Both drugs have about a 50 - 70% success rate, and often times, one drug does not work for a patient, but the other will. So, it is possible that we can choose one drug, but end up needing the other two weeks later. Dr. Shields says he also has patients using both drugs at the same time. It just depends on what works for the individual to stop the seizures - sometimes each person needs a different "mix" for it to work. Dr. Shields agreed with our neurologists (Dr. Phillips) plan for treatment for Jenelle, starting with a B6 treatment, and the low dose of ACTH, if we didn't want to use the Vigabatrin. Dr. Shields also recommended doing a spinal tap to rule out three other rare metabolic disorders that can only be detected in the spinal fluid. He also recommended that we would be more comfortable treating Jenelle at CHOC since it was closer to home, but offered that they were a phone call away if we needed anything in regards to the Vigabatrin, if we go that route.

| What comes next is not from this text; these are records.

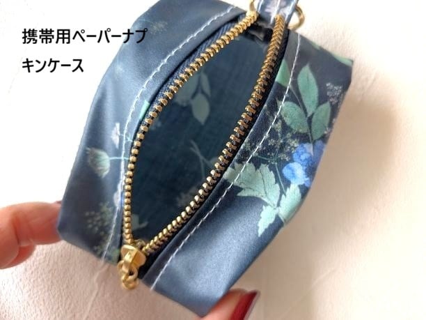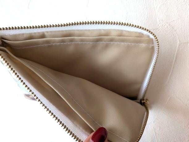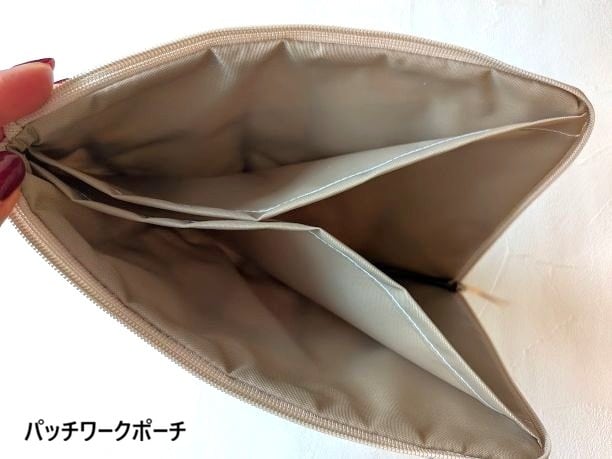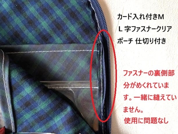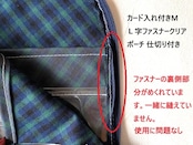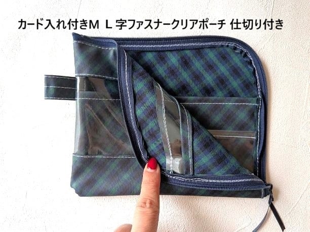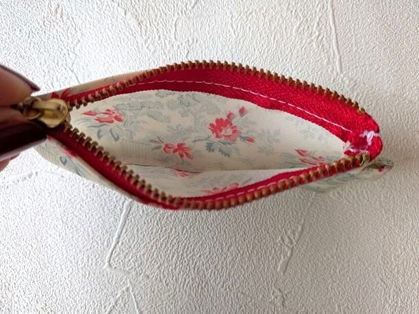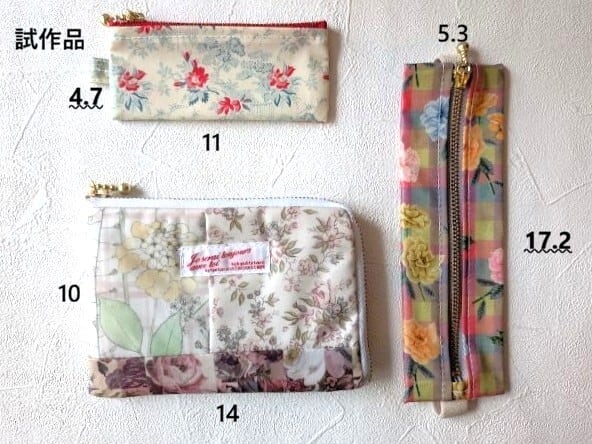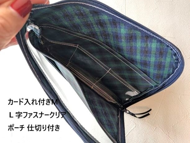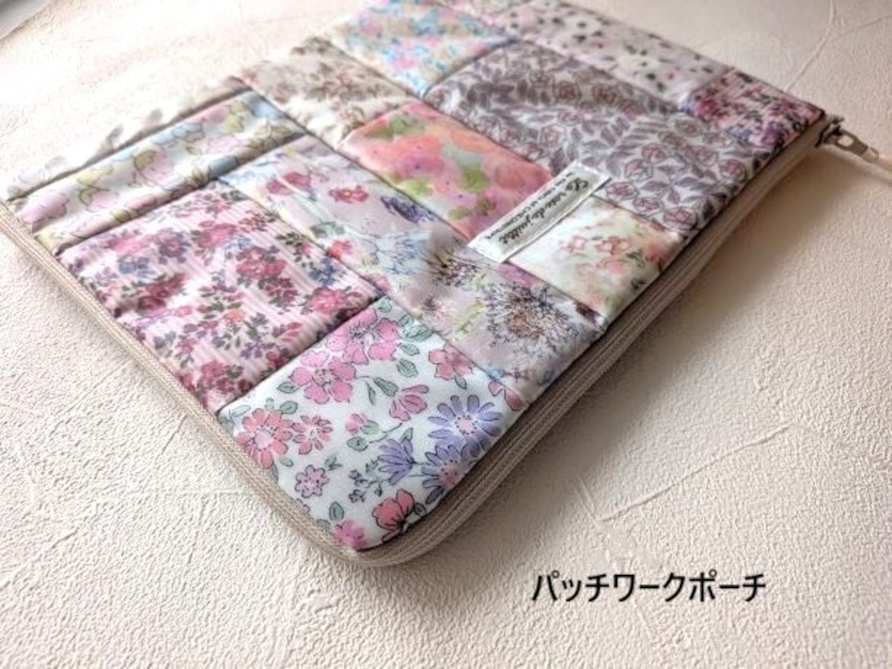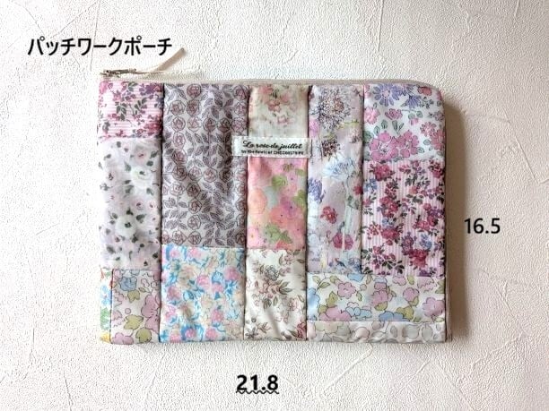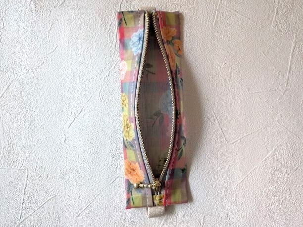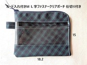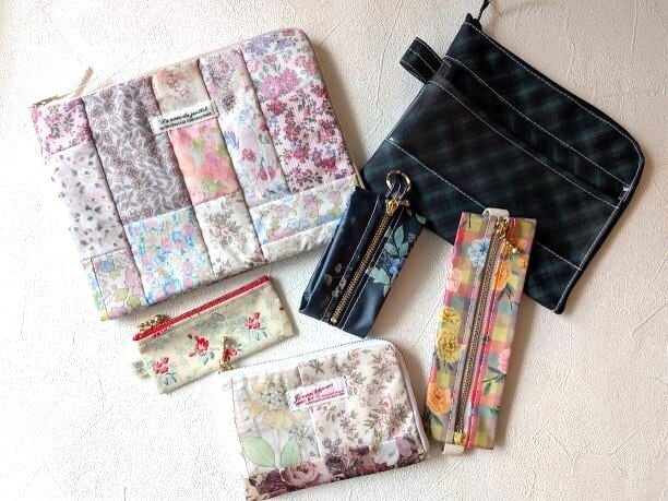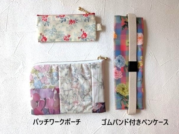 リバティプリントとチェック柄のラミネート生地のポーチ
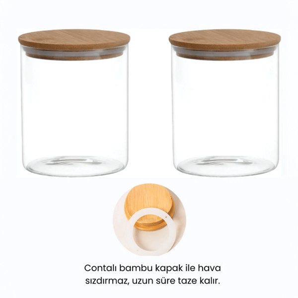 Vakumlu Bambu Kapak: Doğal bambu kapak, hem estetik bir görünüm sunar hem de vakumlu yapısı sayesinde sızdırmazlık sağlar. Bu özellik, yiyeceklerinizi uzun süre taze ve kuru tutmanıza yardımcı olur.
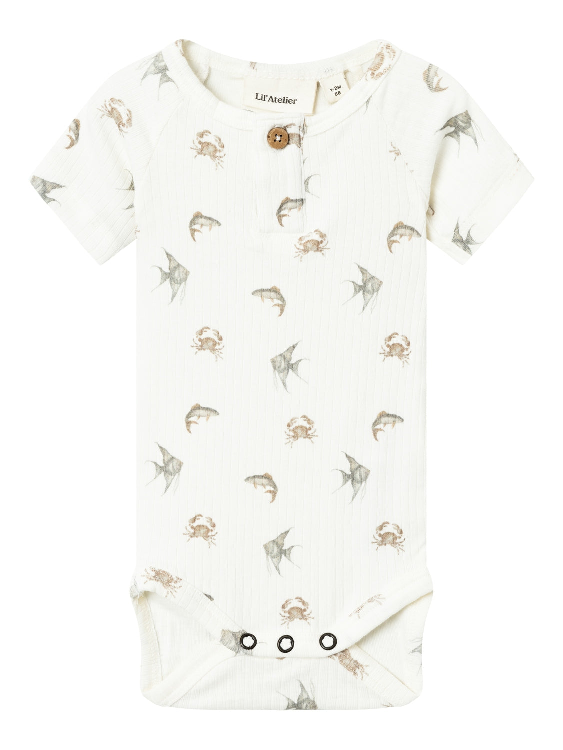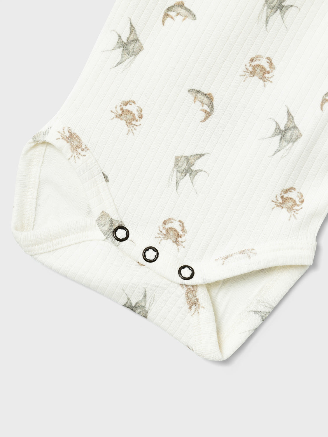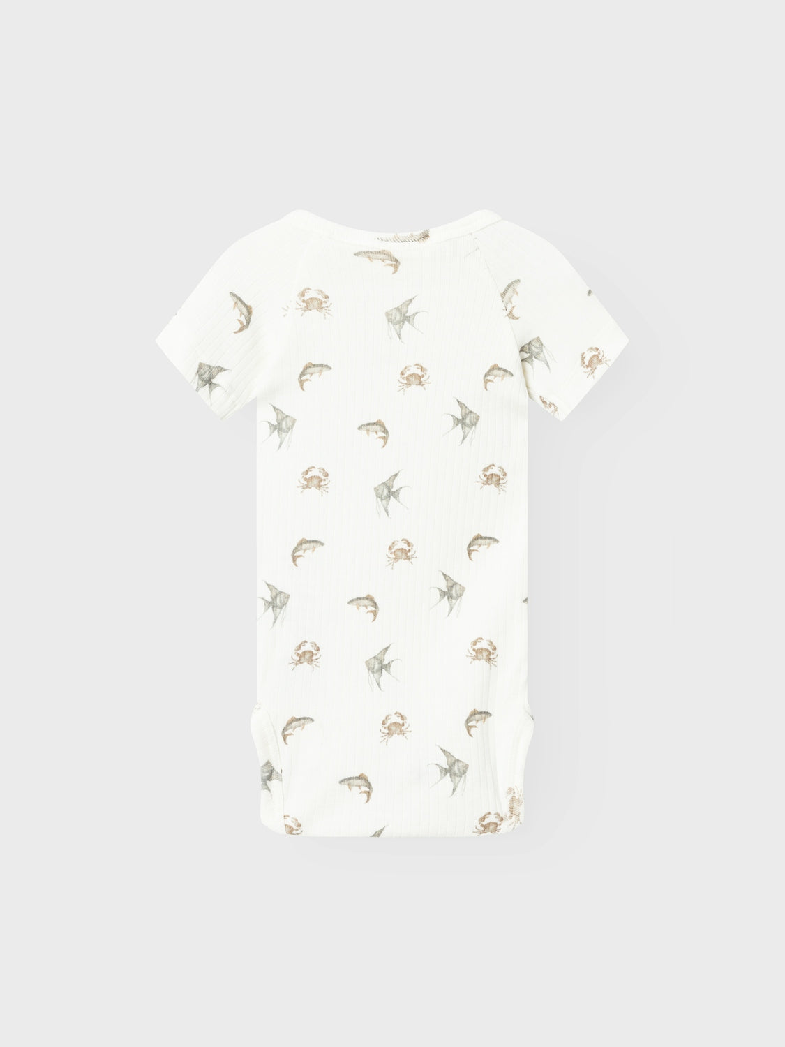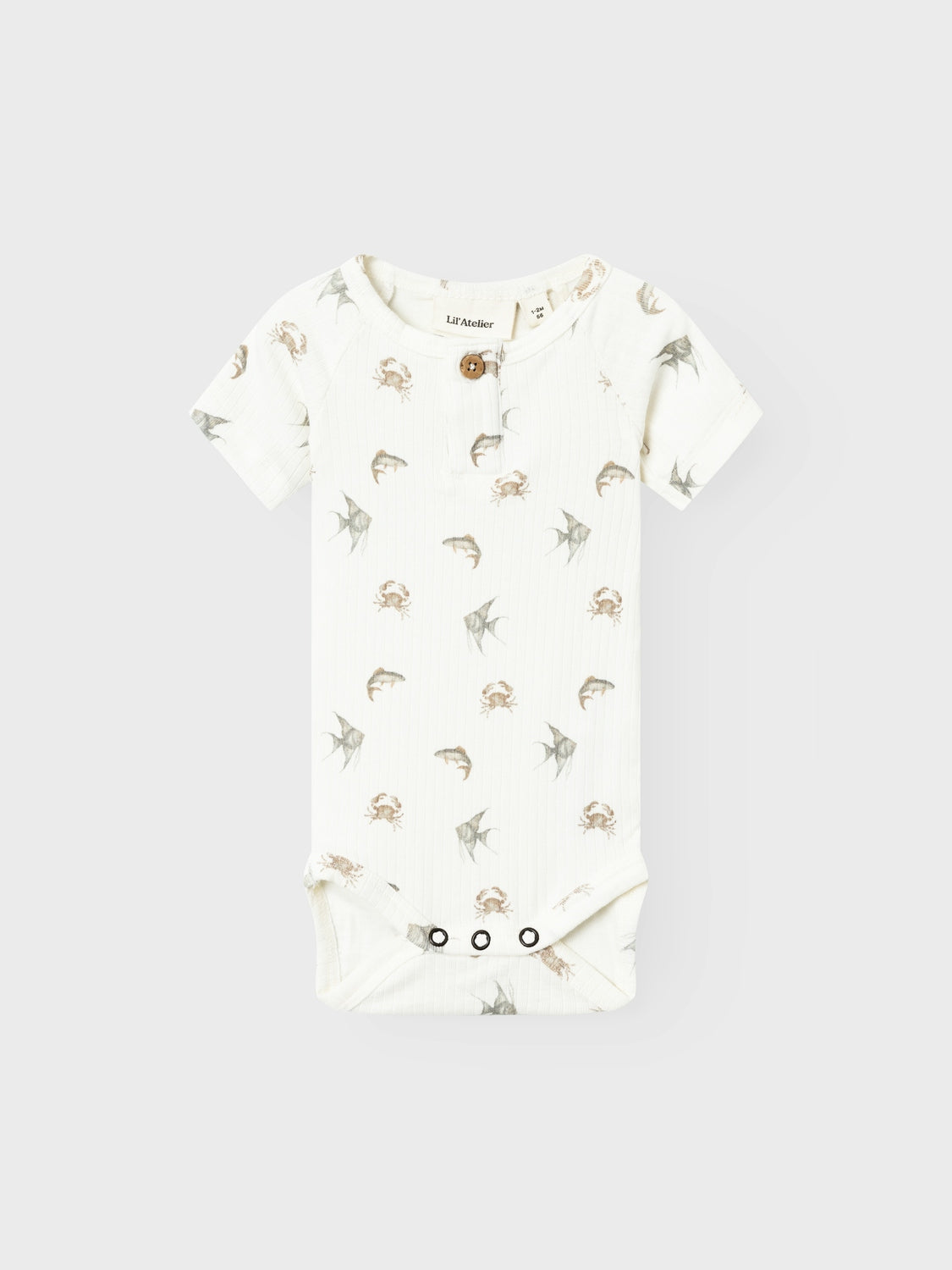 Produkttyp: Bodysuit Hals: Knappar i halsringning Ärm: Kort ärm Stängning: Knäppning med knapp, tryckknapp Print: Mönster upprepas över hela ytan av produkten
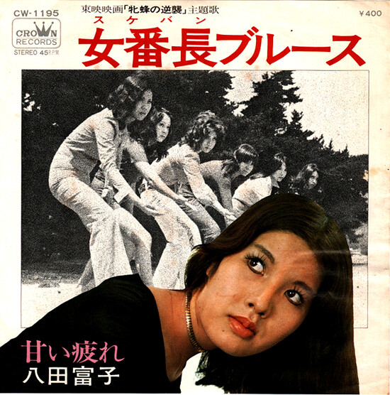 東映映画『牝蜂の逆襲』主題歌、八田富子が歌う「女番長ブルース」7吋盤です。女番長と書いて当然スケバンと読む。

We spoke to Jenelle's Neurologist, Dr. Phillips on the ride home and again the next day about our options. Dr. Phillips does not want to start with Vigabatrin, and will not provide a prescription for it- he is just not comfortable with the ethical issues concerning his license and we understand. His reasoning for this is that Vigabatrin does not have any long term studies so there is no evidence that Jenelle's seizures could not return at age 5, and so on. ACTH has been used for about 50 years, and there is evidence that if it stops the seizures, it does so permanently. He said if we could get the Vigabatrin, he would help us use it. The plan as it stands today is that Jenelle will be admitted to CHOC on Monday, September 29 for a spinal tap, a video EEG and a B6 Treatment. We need to choose which drug we plan to start by Monday.

Brett and I realize that there is no "wrong" choice here, in that both will help Jenelle, but there are many things to consider with both drugs. We spoke to Dr. Shield's nurse Sue a few times since our appoitnment and she is making arrangements to fax a prescription to Canada for us to get the Vigabatrin - in case that is our choice. It would be so much easier if it were as simple as "it is a tumor and it needs to be removed", but with the choice of two drugs, with completely different and complex things to consider involving each, we really have a tough decision to make this weekend.